Messaging & Streaming Platform
Summary
Asynchronous messaging and streaming infrastructure for decoupled, reactive systems — from simple queues/topics to log-based streams and processing, with comprehensive security and observability.
What it is
A comprehensive platform capability that provides messaging and streaming infrastructure to enable event-driven architectures. It spans simple messaging (queues/topics) and streaming (partitioned logs) with retention and replay, integrated with enterprise-grade security and observability.
Modes
- Simple messaging: queues & topics for work dispatch, decoupling, and back-pressure (e.g., RabbitMQ, SQS)
- Streaming: append-only, partitioned logs for high-throughput events, replay, and stateful processing (e.g., Kafka, Pulsar)

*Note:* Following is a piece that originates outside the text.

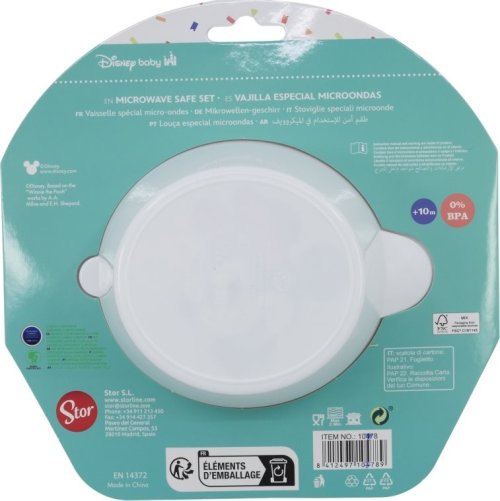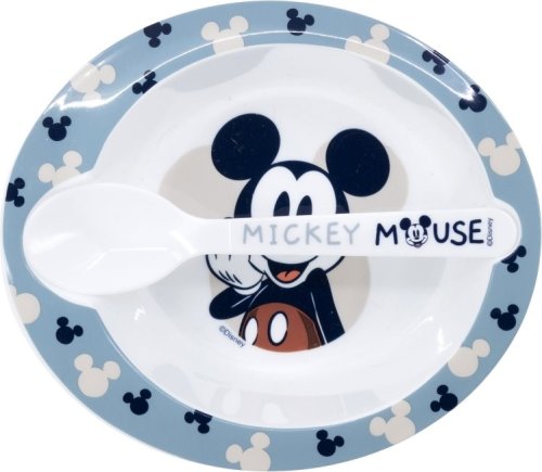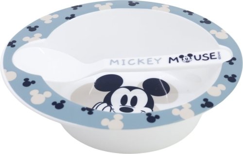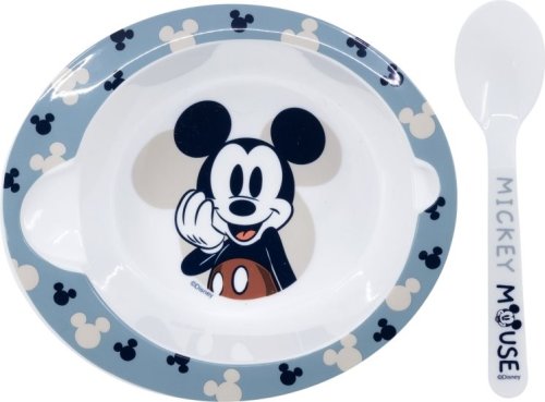 Praktická sada dětského nádobí s motivem Mickeyho Mouse skládající se z misky a lžičky.

- Hybrid: combining messaging reliability with streaming scale and retention
Core Responsibilities
- Durable delivery, ordering where required, and intelligent routing
- Consumer groups, auto-scaling, circuit breakers, and dead letter queues
- Schema governance, compatibility, and event catalog management
- End-to-end observability with distributed tracing and metrics
- Security: encryption, authentication, authorization, and audit trails
- Compliance: data retention policies, GDPR/privacy, and regulatory requirements
Security & Compliance Capabilities
- End-to-end encryption (TLS 1.3, mTLS) and data-at-rest encryption
- Fine-grained access control (RBAC, ABAC) with service identities
- Audit logging and compliance reporting for regulated industries
- Data sovereignty and residency controls
- Vulnerability scanning and security patching automation
- Zero-trust networking with service mesh integration
Observability & Monitoring
- Distributed tracing with OpenTelemetry integration
- Real-time metrics: throughput, latency, consumer lag, error rates
- Automated alerting on SLA breaches and system anomalies
- Log aggregation and correlation across event streams
- Performance profiling and bottleneck detection
- Business metrics: event volume, processing success rates, data quality
Architecture Patterns
- Pub/sub topics with competing consumers and load balancing
- Transactional outbox and saga orchestration patterns
- Event sourcing + CQRS with snapshotting and replay
- Streaming ETL with windowing and stateful processing
- Event-driven microservices with circuit breakers
- Change Data Capture (CDC) with exactly-once processing
Performance & Reliability Patterns
- Partitioning strategies for horizontal scaling
- Backpressure handling and flow control mechanisms
- Idempotent processing and duplicate detection
- Graceful degradation and chaos engineering readiness
- Multi-region replication and disaster recovery
- Auto-healing and self-balancing consumer groups
Tech Examples
- Apache Kafka (with Kafka Streams, ksqlDB, Schema Registry)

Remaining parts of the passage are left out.